[Start of section]

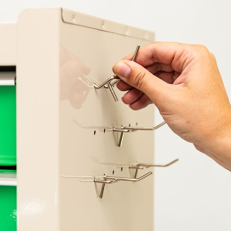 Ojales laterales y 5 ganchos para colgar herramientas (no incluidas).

[End of section]
[Start of section]

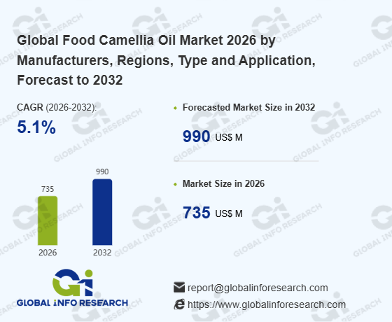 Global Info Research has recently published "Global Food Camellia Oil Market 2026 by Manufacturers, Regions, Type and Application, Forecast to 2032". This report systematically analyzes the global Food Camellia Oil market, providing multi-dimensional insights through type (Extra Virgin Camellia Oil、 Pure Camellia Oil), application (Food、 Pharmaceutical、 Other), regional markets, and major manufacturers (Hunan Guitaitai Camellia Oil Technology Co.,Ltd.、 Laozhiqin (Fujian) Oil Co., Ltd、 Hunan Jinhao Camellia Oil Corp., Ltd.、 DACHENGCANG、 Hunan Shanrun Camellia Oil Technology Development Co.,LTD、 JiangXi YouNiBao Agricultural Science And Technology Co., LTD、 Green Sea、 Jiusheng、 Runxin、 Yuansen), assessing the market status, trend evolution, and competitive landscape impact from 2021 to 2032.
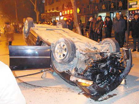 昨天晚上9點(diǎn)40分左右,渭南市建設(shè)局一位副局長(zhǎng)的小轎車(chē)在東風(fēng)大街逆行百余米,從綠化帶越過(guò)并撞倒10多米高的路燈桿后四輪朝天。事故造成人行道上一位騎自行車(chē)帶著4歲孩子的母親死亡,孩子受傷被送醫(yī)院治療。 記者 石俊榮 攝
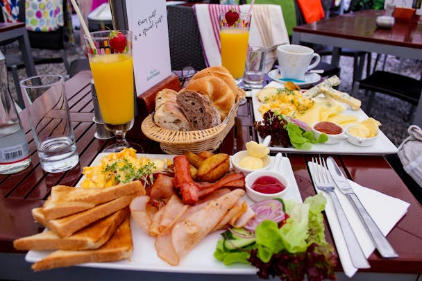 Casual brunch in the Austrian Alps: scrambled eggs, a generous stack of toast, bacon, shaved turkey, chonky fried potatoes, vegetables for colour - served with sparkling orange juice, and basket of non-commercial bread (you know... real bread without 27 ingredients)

[End of section]

TASK OBJECTIVE:
What you write out is the stretch of entries from the line containing "Global Info Research" to the line containing "Casual brunch in", word for word, with both end lines and no pictures.

EXPECTED ANSWER:
 Global Info Research has recently published "Global Food Camellia Oil Market 2026 by Manufacturers, Regions, Type and Application, Forecast to 2032". This report systematically analyzes the global Food Camellia Oil market, providing multi-dimensional insights through type (Extra Virgin Camellia Oil、 Pure Camellia Oil), application (Food、 Pharmaceutical、 Other), regional markets, and major manufacturers (Hunan Guitaitai Camellia Oil Technology Co.,Ltd.、 Laozhiqin (Fujian) Oil Co., Ltd、 Hunan Jinhao Camellia Oil Corp., Ltd.、 DACHENGCANG、 Hunan Shanrun Camellia Oil Technology Development Co.,LTD、 JiangXi YouNiBao Agricultural Science And Technology Co., LTD、 Green Sea、 Jiusheng、 Runxin、 Yuansen), assessing the market status, trend evolution, and competitive landscape impact from 2021 to 2032.
 昨天晚上9點(diǎn)40分左右,渭南市建設(shè)局一位副局長(zhǎng)的小轎車(chē)在東風(fēng)大街逆行百余米,從綠化帶越過(guò)并撞倒10多米高的路燈桿后四輪朝天。事故造成人行道上一位騎自行車(chē)帶著4歲孩子的母親死亡,孩子受傷被送醫(yī)院治療。 記者 石俊榮 攝
 Casual brunch in the Austrian Alps: scrambled eggs, a generous stack of toast, bacon, shaved turkey, chonky fried potatoes, vegetables for colour - served with sparkling orange juice, and basket of non-commercial bread (you know... real bread without 27 ingredients)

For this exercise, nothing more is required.